Однако Клэр, казалось, совсем не развлекал ожив– ленный, пересыпанный восклицаниями разговор ее родных. Она вяло придерживала бумажную тарелку, наполненную пищей с низким содержанием калорий и высоким – клетчатки (проросшие бобы в ананасном соусе и курица без кожи), покамест с горы Сан-Джасинто скатывались могучие, не по сезону свирепые ветра. Я помню ядовитые обрывки фраз, которыми перебрасывались через стол орды лощеных и рафинированных молодых Бакстеров.
– Гистер это был, а не Гитлер. Так предсказал Нострадамус, – орал через стол один из братьев, Аллан, типичный ученик частной закрытой школы, – а еще он предсказал убийство Дж. Ф. Кеннеди.
– Не помню никакого убийства Дж. Ф. Кеннеди.
– На сегодняшнюю эсхатологическую вечеринку в «Золя» я надену такую шляпку пирожком. Как у Джекки. Будет очень исторично.
– Чтоб ты знала, та шляпка была от «Холстон».
– О, какая уорхоловщина пошла.
– Покойные знаменитости забавны de facto.
– А помните тот Хэллоуин пару лет назад, когда была паника из-за поддельного тайленола и все нарядились коробочками с тайленолом…
– … а потом состроили кислые морды -когда поняли, что не только их так осенило.
– Знаете, какого дурака мы сваляли, что здесь остались: через весь город идут аж три сейсмических разлома. С тем же успехом мы могли бы нарисовать на себе мишени.

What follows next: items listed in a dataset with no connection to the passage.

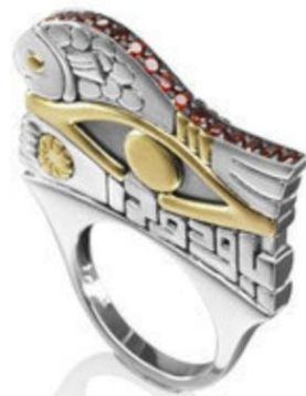
شكل (١) ١
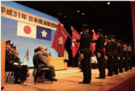
■ 図表3-1-3 特別区消防団の主な行事

新年を迎え、地域の安全を祈願するとともに、地域住民に対して消防団活動への理解を深め、あわせて火災予防意識の向上を目的として実施されるものです。
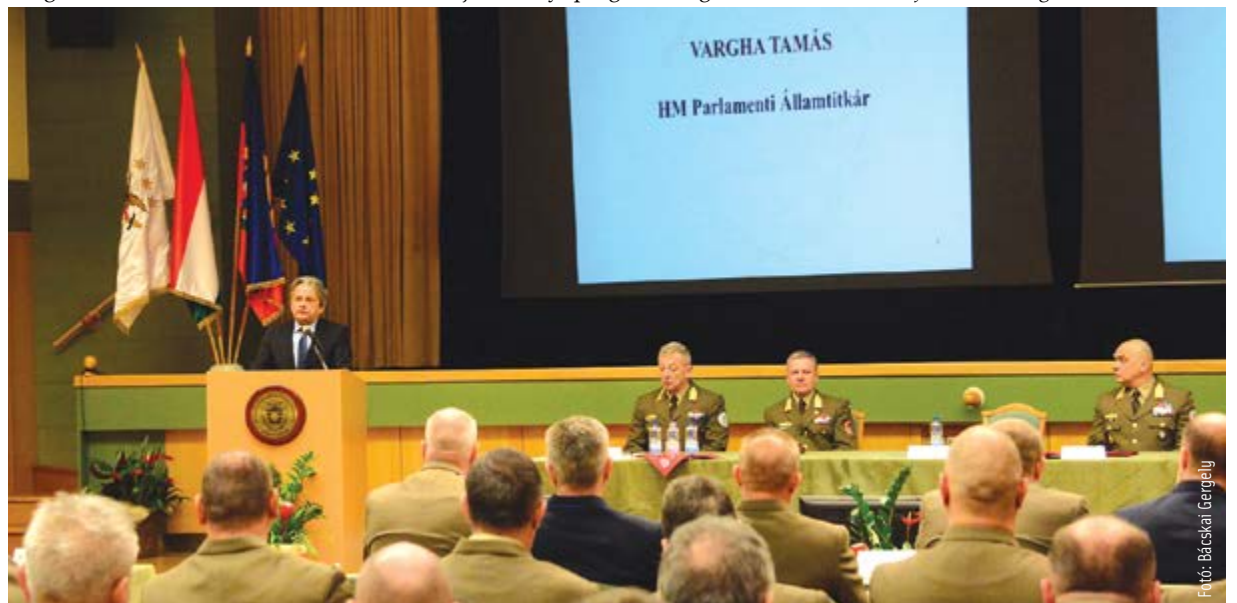
A Magyar Honvédség esküjéhez híven védi határainkat

sát, mely a kormány döntése alapján 2026-ig lehetőséget biztosít egy átfogó hadiipari fejlesztésre illetve a hivatásos és tartalékos állomány megerősítésére: „Egy harmincezer fős hivatásos haderő megalkotását tűztük ki célul a program végére. De emellett nagyon fontos, hogy legyen egy tartalékos haderője is a hivatásosok mellett Magyarországnak. Ezt húszezer fővel, járási alapon hozzuk létre, hiszen úgy helyes, ha a tartalékos katonák a lakóhelyükhöz közel teljesítenek szolgálatot.”
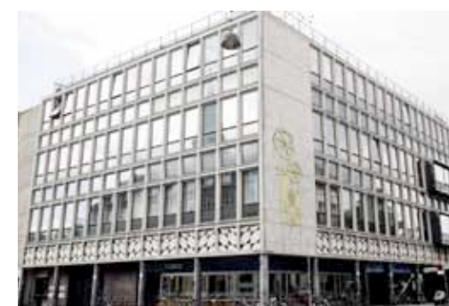
VEGA - Folkets Hus

Da bygningen blev opført i 1956 var det under navnet 'Folkets Hus – et mødested for alle', og rummene var tiltænkt den danske fagbevægelse. VEGA er opført i en jernbeton-skeletkonstruktion med et kraftigt relief i facaderne, der giver bygningen den lethed og robusthed, der karakteriserer hele huset. Vilhelm Lauritzen stod selv for de mindste detaljer indenfor jernbeton-konstruktionen: Håndtag, lysekroner, og møbler blev detaljeteget, og de mange træpaneler blev fra savværket nummereret, så træårene kunne fortsætte fra panel til panel. Smukt, simpelt og svævende. I dag er huset blevet musikens hus, men dets funktionalistiske design og detalje er bevaret. Lauritzens perfektionisme er stadig til stede i de minimale, men svungne trægelandre og unikke trappeløb samt de æstetiske sale – akkurat som i Konservatoriets Koncertsal, det gamle radiohus, hvor Copenhagen Phil holder til.
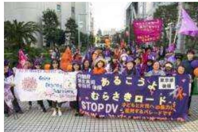
▼市民団体による女性支援活動への助成金

透明性と説明責任 : 生産者と消費者が産地で生産状況を確認する「公開確認会」を実施、定期的な情報発信。
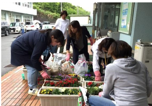
5月 花植えに協力してくださったみなさま
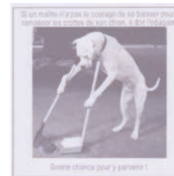
Image humoristique pour inciter les propriétaires de chiens à enlever les déjections de leur animal de compagnie, à moins de lui apprendre à le faire lui même...

quelques slogans utiles : Le téléphone au boulot, c'est normal, au volant, ça tourne mal/ Sur la route aussi attachez vos ceintures/ vérifiez la pression de vos pneus/ Vous pouvez vous arrêter pile, une voiture ne le peut pas/ Il y a mille et une manières de communiquer, au volant c'est le clignotant. Ces principes de base peuvent éviter les accidents.
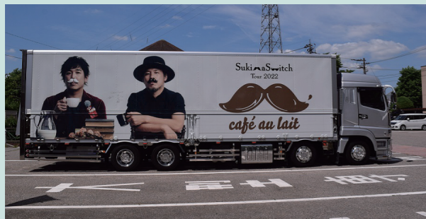
スキマスイッチ ツアートラック

6月23日（木）に砺波市文化会館の主催事業として、大人気デュオ、スキマスイッチのコンサートを開催しました。代表曲「全力少年」では、YOUTUBE生配信が行われ、視聴者も一体となったステージが繰り広げられました。また、5月21日（土）には共催事業として、アカペラブームの火付け役となった5人組ボーカルグループ、ゴスペラーズがコンサートを開催し、美しいハーモニーだけでなく、キレのあるダンスでも魅了しました。どちらのアーティストも、砺波でコンサートを行うのは初めてで、チケットは完売し、客席は、オープニングからスタンディングで、大変な盛り上がりでした。
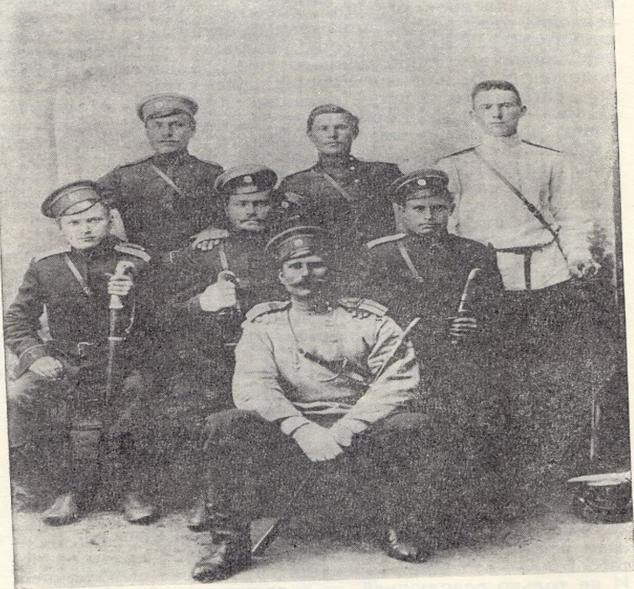
Так выглядели донские казаки, о которых писал Михаил Александрович Шолохов в первой и второй книгах «Тихого Дона».
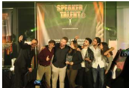
Final I Speaker Talent Universidad, 24 noviembre 2021.

La final para elegir al mejor orador se llevó a cabo en la Facultad de Ciencias Económicas y Empresariales el pasado 24 de noviembre.
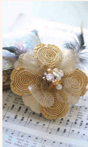
▶Magnoliaのコサージュ (ゴールド) ◎ ワイヤ刺繍×メタリックリボン使い
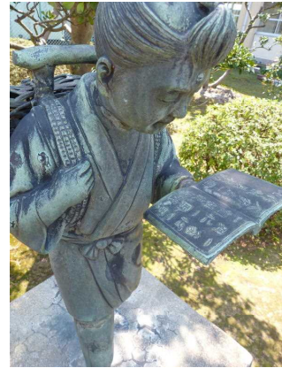
二宮尊徳先生幼時之像 (昭和62年度PTA台座設置)
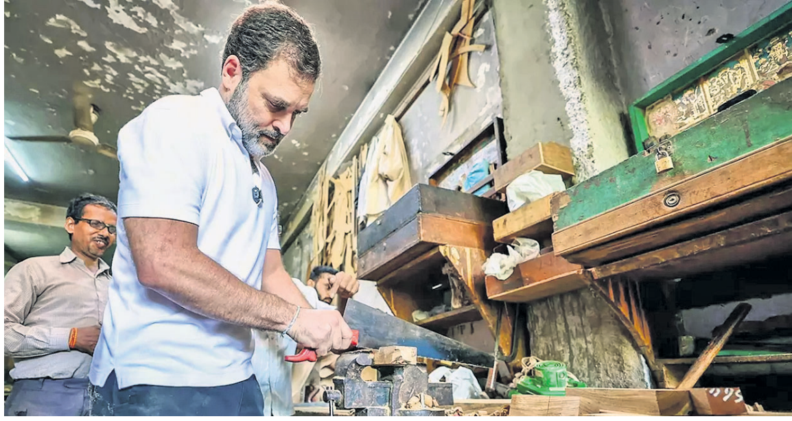
ଦିଲ୍ଲୀ କାର୍ତ୍ତିନଗର ଫର୍ନିଚର ମାର୍କେଟରେ କାଠକାମ କରୁଛନ୍ତି ରାହୁଲ ଗାନ୍ଧୀ
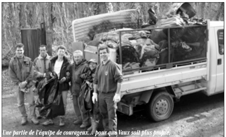
Une partie de l'équipe de courageux... pour que Vaux soit plus propre.

E N ce samedi matin de 1 er avril, une quinzaine de courageux dont trois enfants ont parcouru quelques rues et chemins, rempli sacs et camions de détri- ➔
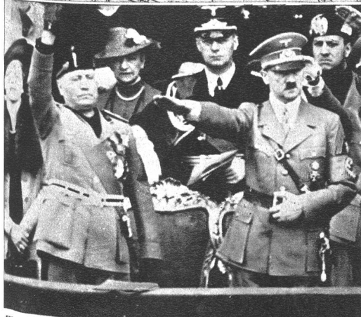
Was die Achsenmächte vereinbart hatten bei der Zusammenkunft Hitler-Mussolini, ist Tatsache geworden.
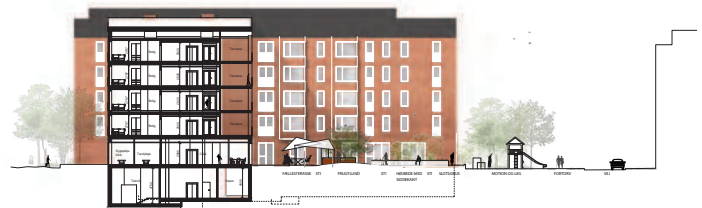
Snit gennem gården og gårdfacade mod vest.
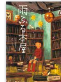
「雨ふる本屋」 日向 理恵子 // 作 / 童心社
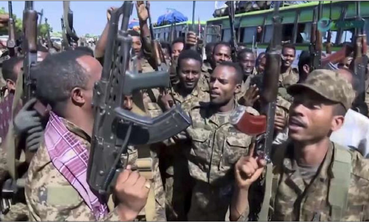
المئات قتلوا والآلاف شردوا في الصراع
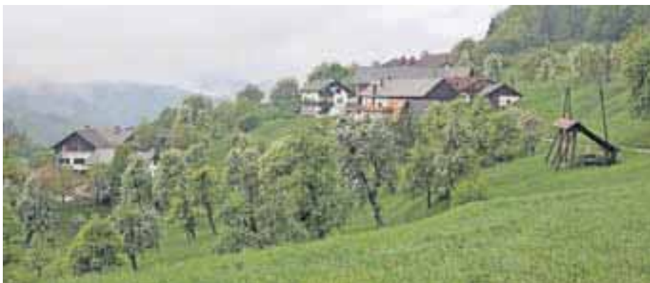
Nadzorni odbor je opravil tudi nadzor nad poslovanjem Krajevne skupnosti Katarina.
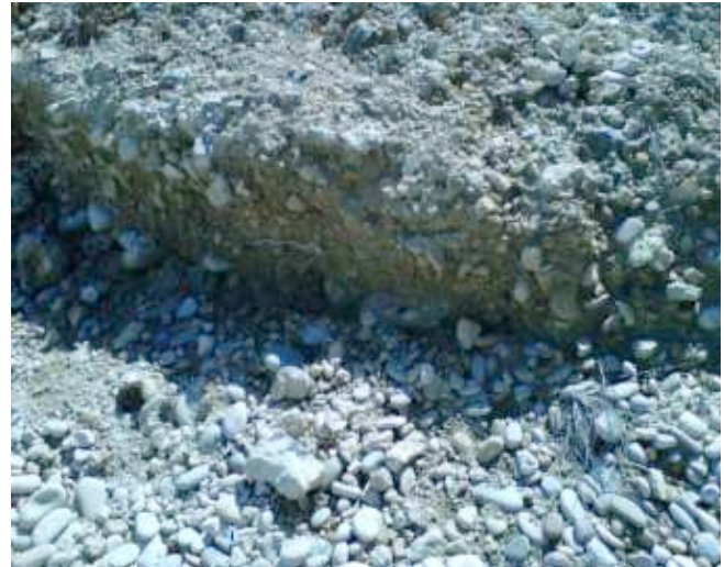
Foto 10. Conglomerado de cantos rocosos, arena y arcilla de origen terrígeno.
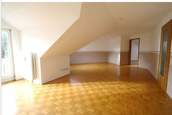
Wohnzimmer weitere Ansicht
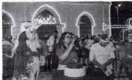
Prefeita Dinair Veloso: "Este é um mês muito especial, em que celebramos 133 anos da cidade de Timon"

Ainda no mês de dezembro, acontecerá a entrega da reforma do Centro de Reabilitação Maria do Carmo Neiva, inauguração de espaços públicos, como a Praça Sucupira e a Praça das Mangueiras, e a cerimônia de formatura do Proerd. Ainda como parte dos eventos programados, acontecerá a inauguração da Escola do Residencial Cocais e do Centro Médico de Exames de Imagem (Cemei), entrega do complexo esportivo Miguel Lima, café da manhã no Canal da Boa Esperança e inauguração da Casa do Cidadão. Essas e
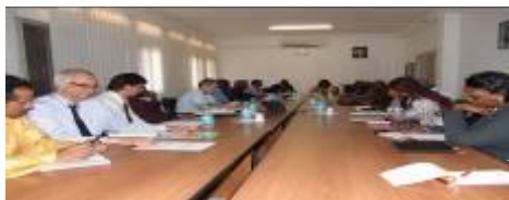
Séance de travail avec l'Equipe Pays du SNU

A ce niveau, il a été question d'examiner les voies et moyens pour redynamiser la coopération avec le FIDA. En effet, l'Institution est présente au Niger depuis 1980, et a financé huit projets et programmes au Niger pour un total de financement mobilisé de 235,6 millions de dollars. Trois projets sont actuellement en cours d'exécution. Le Directeur de la Division Afrique de l'Ouest et du Centre a réitéré la volonté et l'engagement de son Institution à poursuivre sa coopération avec le Niger aussi bien dans le cadre de son programme de coopération en cours, que dans la résolution structurelle des crises alimentaires récurrentes au Niger.
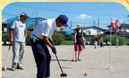
名取市老人クラブ連合会スポーツ大会 熱中症対策に清涼飲料を提供
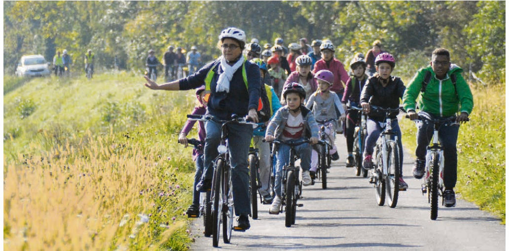
Aigle - Yvorne - Corbeyrier A vélo en direction du culte d'ouverture du KT et de l'enfance.

AIGLE - YVORNE - CORBEYRIER Mardi 21 novembre, à 20h15, à la chapelle Saint-Jean. Ordre du jour statutaire et approbation du budget 2018. Venez nombreux vous informer sur la vie de la paroisse !
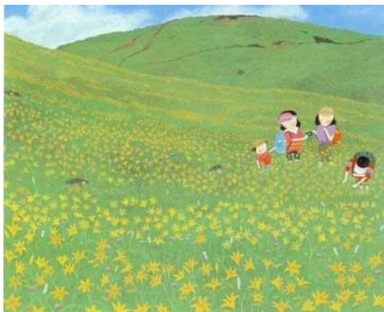
「高原の花」1983年 ©原田泰治
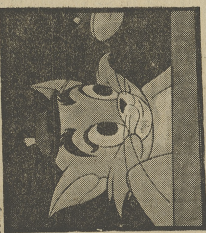
«TOM Y JERRY»

● «ESA ES MI MAMI». Tom es su madre. Este se aprovecha de la circunstancia para prepararse un exquisito pato a la naranja. ● Tom es el cazador de ratones más famoso del Oeste y es contratado por el comisario del pueblo para que atrape a Jerry.
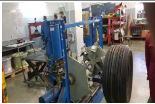
빌니우스 MRO 정비실
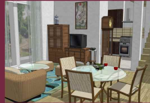
WIZUALIZACJA WNĘTRZA SALONU

POW.: 32,11 M 2 POM. POD SCHODAMI: 2,71 M 2 BALKON: 3,25 M 2
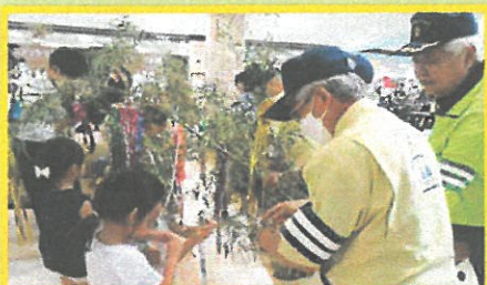
交通安全七夕の実施 米納津保育所園児の参加
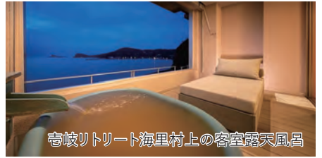
壱岐リトリート海里村上の客室露天風呂
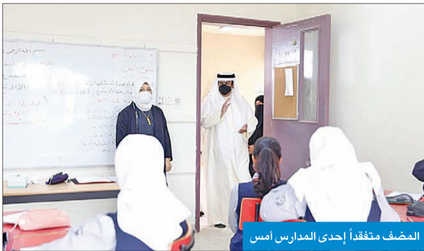
المضف يتفقد إحدى المدارس أمس

والتلاميذ جميع منتسبي «التربية» بمناسبة بداية الفصل الثاني، بعد حصول طويلاً، بمنحياً أن تكفل الجهود بنجاح الطلبة. وبينت المصادر اضطراب معلمين ومعلمات إلى تنفيذ مكاتبتهم بأنفسهم في بعض المدارس، منوهة إلى أن الوزارة ستعمل خلال الأيام المقبلة على استكمال أعمال التنظيف والصيانة، للوصول إلى جاهزية المناسبة، تمهيداً للعودة الشاملة التي من المتوقع اعتمادها قريباً.
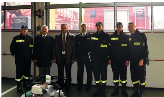
Uroczyste przekazanie pompy

Z okazji zbliżających się Świąt Bożego Narodzenia pragnę przesłać najserdeczniejsze życzenia. Niech nadchodzące Święta będą dla Państwa niezapomnianym czasem spędzonym bez troski i zmartwień. Życzę, aby odbyły się w spokoju, radości wśród Rodziny, Przyjaciół oraz wszystkich Bliskich dla Państwa osób. Wraz z nadchodzącym Nowym Rokiem życzę dużo zdrowia i szczęścia. Niech nie opuszcza Was pomyślność i niech spełnią się Wasze najskrytsze marzenia.
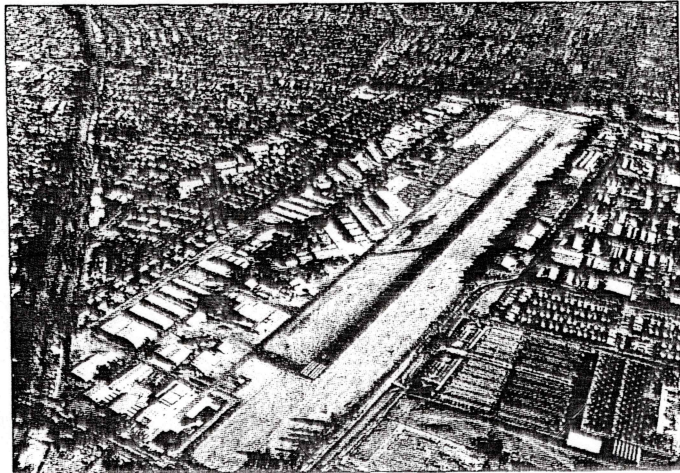
La mayor parte de los desaparecidos que salían de Villa Grimaldi con la marca "Puerto Montt" partían del aeródromo de Tobalaba.
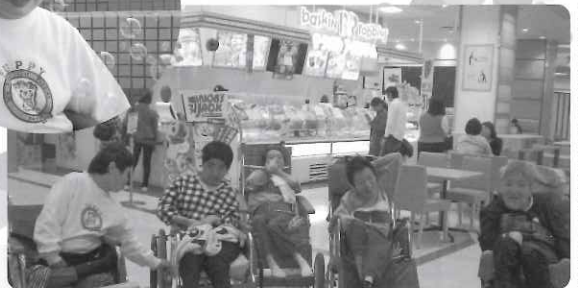
△ お買い物、楽しいなあ。みんなで食べるアイスも格別!
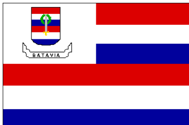
Batavia (11 août 1948-27 déc. 1949)
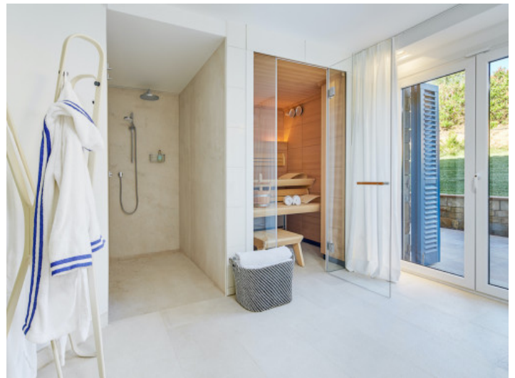
Zona de spa con sauna
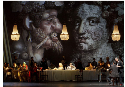
Scenă din actul IV
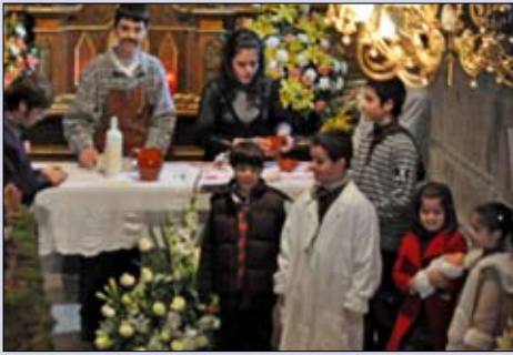
Escenificación de Navidad en Mourillós (Celanova).
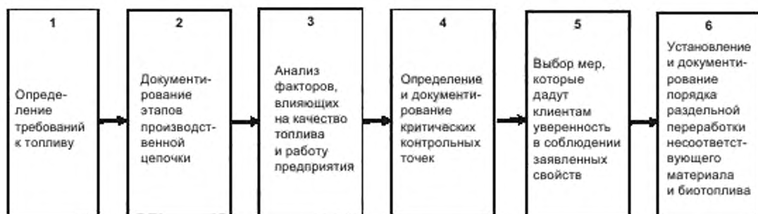
Рисунок 4 — Методология подтверждения качества

Выделяют шесть последовательных этапов. Этапы показаны на рисунке 4 и описаны ниже.
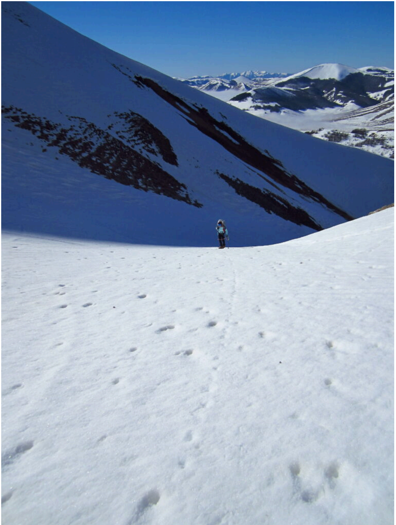
5- Il termine della prima parte del canale dopodichè inizia ad impennarsi.
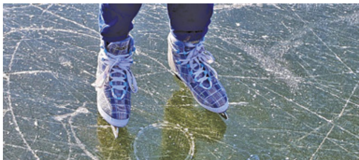
Lodowisko powstanie przy Szkole Podstawowej nr 2

Lodowisko będzie darmowe dla dzieci poniżej 7 lat oraz uczniów z Pruszkowską Kartą Mieszkańca, Kartą Dużej Rodziny, Pruszkowską Kartą Dużej Rodziny albo aktualną legitymacją szkolną wydaną przez placówki oświatowe w Gminie Mieście Pruszków. Za wejście na tafle nie zapłacą również dorośli z Pruszkowską Kartą Miesz-

– А что, про маньяков-снайперов у Нострадамуса тоже есть?
– Слушайте, а лошадей доят?
– А это-то тут при чем?
Беседа была нескончаемой, вымученной, претенциозной, временами она напоминала те отметки, которые останутся от английского языка после ядерной войны и пары сотен лет одичания. Но что-что, а дух времени эти слова здорово передавали, оттого-то и запомнились мне крепко.
– Я на автостоянке видел одного музыкального продюсера. Они с женушкой двинули в Юту. В Юту! Говорят, у нас тут район бедствия и только Юта уцелеет. У них такой отпадный золотистый «корнич». Багажник аж не закрывался – куча ящиков с армейским пайком да бутылки воды из Альберты. Женушка, похоже, перепугалась всерьез.
– Видели вы фунт пластикового жира в медицинском кабинете? Точь-в-точь блюда-муляжи в витринах японских ресторанов. Похоже на тарелку пюре из киви с клубникой.
АНТИОТПУСК: работа, на которую устраиваешься ненадолго (обычно на год; начальство в эти намерения посвящать не принято). Как правило, цель работника состоит в том, чтобы зашибить бабки, уволиться и переключиться на более важную для него лично деятельность – например, писать акварели на Крите или заниматься компьютерным дизайном свитеров в Гонконге.